Experts in dermatology review clinical trials for AD treatment and how this data translates into their own practices.
Jonathan I. Silverberg, MD, PhD, MPH: What outcomes should we be looking at in clinical practice? What should our treatment goals be?
Andrew Blauvelt, MD, MBA: I’m not in practice, but I like to recommend things for practitioners. I say, don’t worry about the EASI [Eczema Area and Severity Index]. EASI is too complicated for clinical practice, even though it’s 1 of the main tools we use in trials.
Jonathan I. Silverberg, MD, PhD, MPH: There’s nothing easy about it.
Andrew Blauvelt, MD, MBA: EASI is not easy. I say that BSA [body surface area] is the most important thing for psoriasis. The vIGA [validated Investigator Global Assessment] is the most important thing for atopic dermatitis practitioners. The BSA for AD can go up and down quickly, but in psoriasis, you can see it steadily improve. I’d like the IGA for not only trials but practice. Use numbers: 0 for clear, 1 for almost clear, 2 for mild, 3 for moderate, 4 for severe. It’s simple. You don’t need special training, and you don’t need special training to do 0 to 10 on itch and put those numbers every time. That’s really helpful. I recommend trying to get your patients to 0 or 1 for the global score. Mild is definitely good; if they started at severe, it’s great. But the ideal goal is clear or almost-clear skin and 0 or 1 itch given the drugs we have. If they’re consistently scoring at 2 and 3 in the IGAs and 3, 4, and 5 in the itch, you may think they’re doing well, but there’s room for improvement.
Jonathan I. Silverberg, MD, PhD, MPH: Patients often ask me: what are our treatment goals? I’ll say that I want to get them or their child 100% clear skin and itch-free. How much work are we going to do to get them there? How much of a trade-off, in terms of safety or the laborious regimen that we use, are we willing to take for that? When patients hear that, they think, “Wait, I can get clear? For 20 years, I’ve never been clear.” Or for their child, it’s since birth and never gotten better. But it’s possible, and just planting that seed could be so meaningful.

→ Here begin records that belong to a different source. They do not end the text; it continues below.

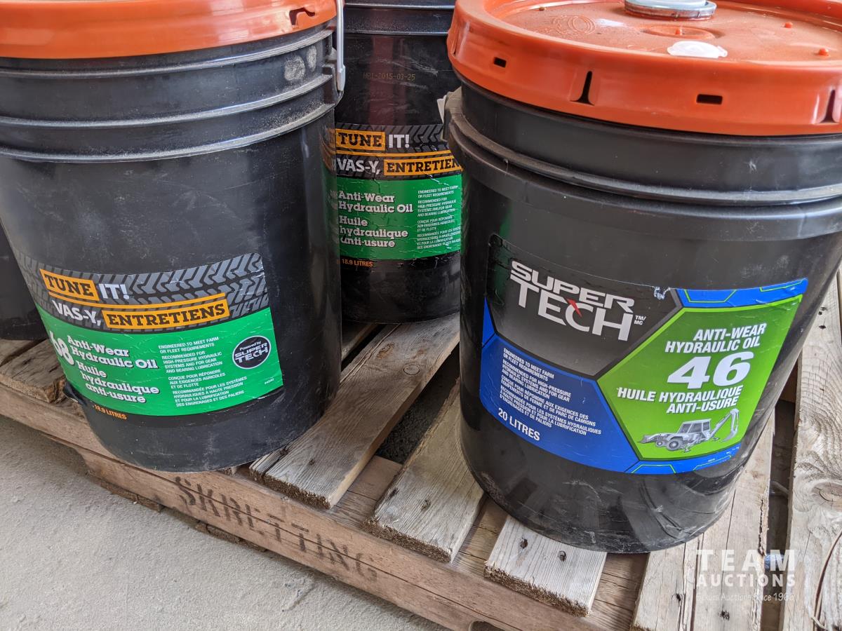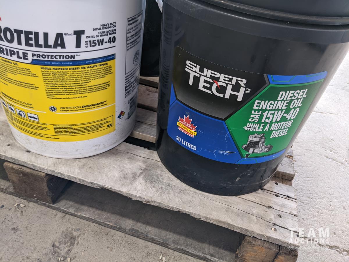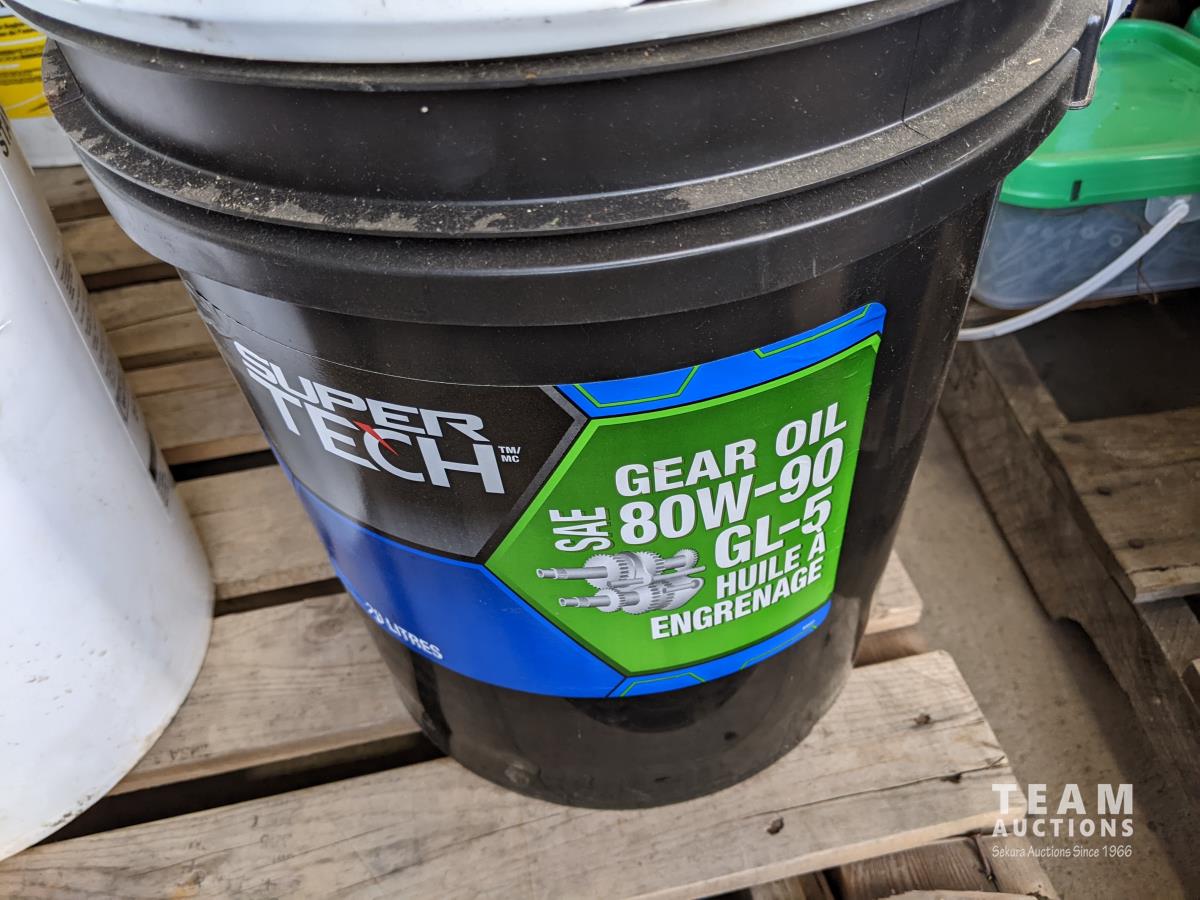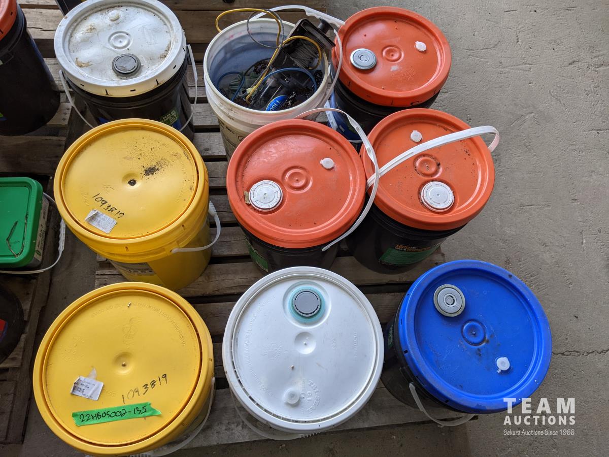 Pails of hydraulic oil (x3), pails of 15W40 motor oil (x2), 18kg grease (x2), pail of gear grease (x1), pail of assorted tools (x1)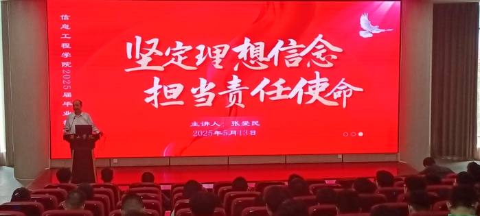 信息工程学院党委书记张爱民做“坚定理想信念担当责任使命”主题讲座,从五四运动的历史意义切入,剖析“爱国、进步、民主、科学”精神的当代内涵,号召毕业生以五四精神为炬,勇做新时代的“弄潮儿”。通过“目标锚定—行动转化—价值实现”三段式框架,强调毕业生需将个人理想融入国家需求,在基层实践、行业攻坚中践行青春誓言。以红色故事为引,串联学院实践成果,强化毕业生传承红色基因的责任感。最后,通过分享优秀校友及行业榜样事迹,为毕业生提供可借鉴的实践经验。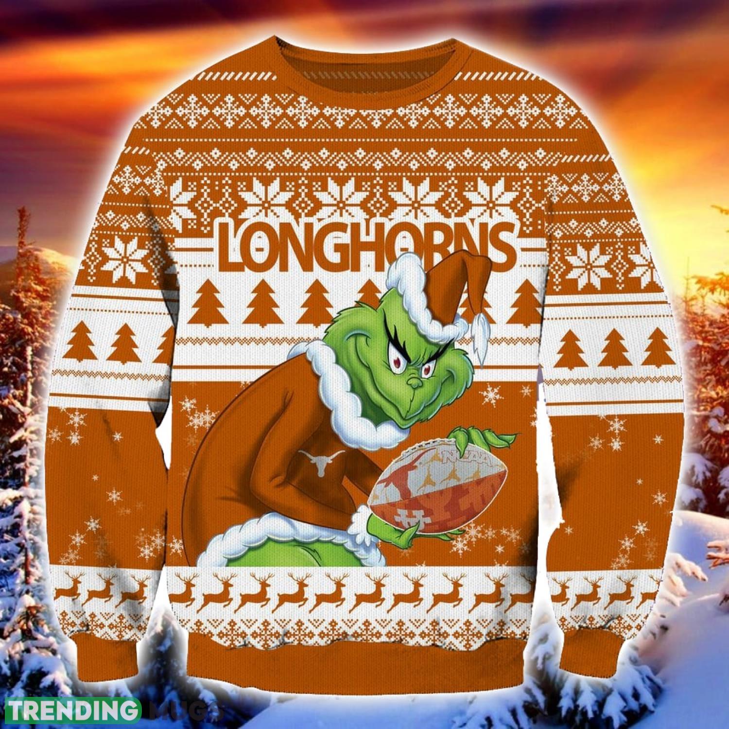 NCAA Texas Longhorns Logo Grinch Ugly Christmas Sweater Trending Sweater For 2023 Christmas Holidays Product Photo 1

Elizabeth Swanson, MD: It gives them hope.
Jonathan I. Silverberg, MD, PhD, MPH: In clinical practice, what do you use? Are there any formal tools that you’re using to measure, or is it open-ended questions? Do you set specific treatment goals, or do you let the patients do that?

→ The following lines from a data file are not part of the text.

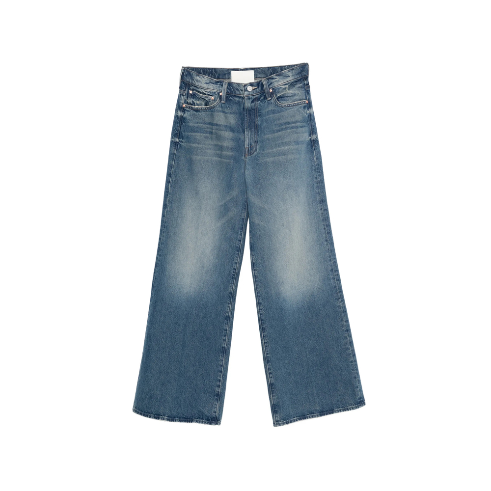 light blue wide leg five pockets belt loops raw hem high-rise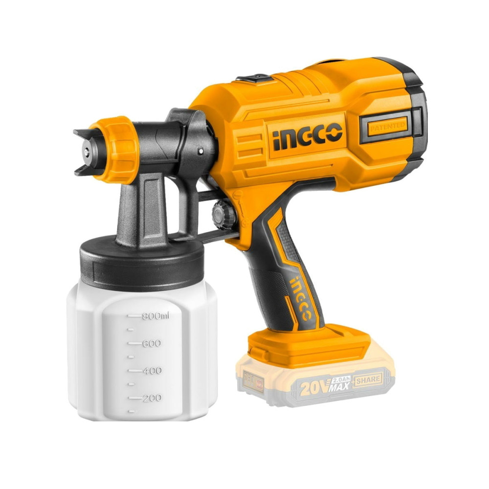 Аккумуляторный краскопульт 20В без АКБ и ЗУ INGCO CSGLI2003 используется для обработки поверхности водно-меловыми и водно-известковыми составами при строительно-отделочных работах, при опрыскивании и побелке садов, дезинфекции помещений.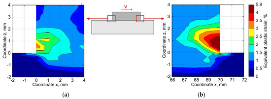 Distribution of the residual equivalent plastic strain near the ends of the buildup corresponding to (a) the start and (b) end of the pass depositing.
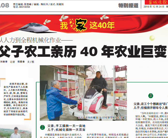 在12月24日出版的鹽城晚報(bào)第8版《我家這40年》欄目上,刊登了一篇淮海農(nóng)場(chǎng)社區(qū)劉春香采寫(xiě)的《從人力到全程機(jī)械化作業(yè)——父子農(nóng)工親歷40年農(nóng)業(yè)巨變》文章,從父親林耀國(guó)和兒子林志純這對(duì)父子的對(duì)話(huà)中,來(lái)實(shí)時(shí)反映改革開(kāi)放四十年來(lái)我國(guó)取得的偉大成就我農(nóng)墾發(fā)生的翻天覆地的變化,讀來(lái)令人印象深刻,并真切地感受到了改革開(kāi)發(fā)以來(lái),發(fā)生在我們身邊的種種變化。以下是全文內(nèi)容。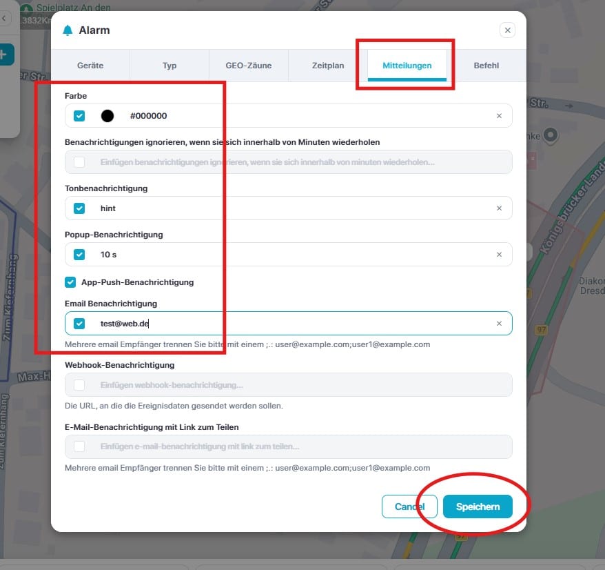 Unter dem Button Mitteilungen legen Sie fest, wie Sie alarmiert werden wollen. Klicken Sie im Anschluss auf „Speichern“. Die Ortungsplattform/ APP alarmiert nun per Pusch und Mail, sobald sich der Tracker bewegt.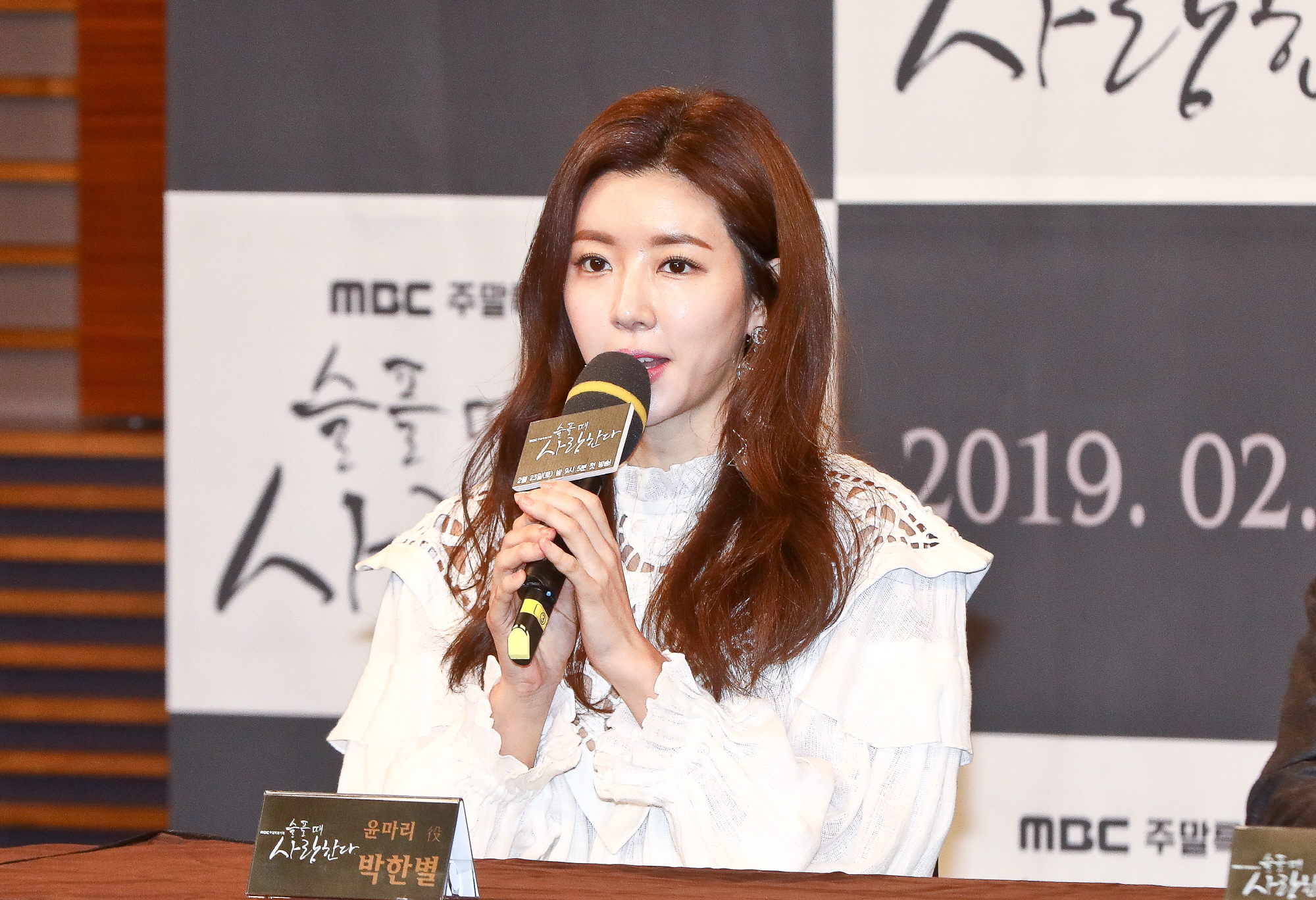 [서울=eoimage] 고성준 기자 = 21일 오후 서울 마포구 MBC 상암사옥 골든마우스홀에서 열린 MBC 주말드라마 '슬플 때 사랑한다' 제작발표회에 배우 박한별이 참석하고 있다. 2019.2.21

Elizabeth Swanson, MD: For me, it’s open-ended questions and letting the patients tell me when they’re happy. I don’t use anything more formal than that.
Brad Glick, DO, MPH, FAOCD: I apply clinical trials to the real world. The measures Andy is talking about are very practical. I agree. EASI isn’t easy, and PASI [Psoriasis Area and Severity Index] isn’t easy either, but these are very practical numbers. Dr Swanson, you say 0 is doing great and 10 is doing horribly. These are practical numbers. Our patients and even kids are so smart these days. They’re on iPads all the time, so they understand numbers. Their parents clearly understand numbers. That’s how I do it.
There’s some gestalt. vIGA is gestalt. When you’re in a room and seeing someone a month after their therapy, maybe they’re on a systemic therapy or on topicals. The skin is a lighter pink, and the itch is down from a 7 to a 3. Maybe we’re going in the right direction, we can keep moving forward. If it’s monotherapy, then you have that fork in the road. You can bridge to a different topical. But I agree with you, Andy. A lot of our patients are sick of topicals. Just as I say that there’s a biologic era and patients are used to injectables, they’re sick of topicals too. We have to use them, but it would be nice to have a linear treatment plan with 1 therapy.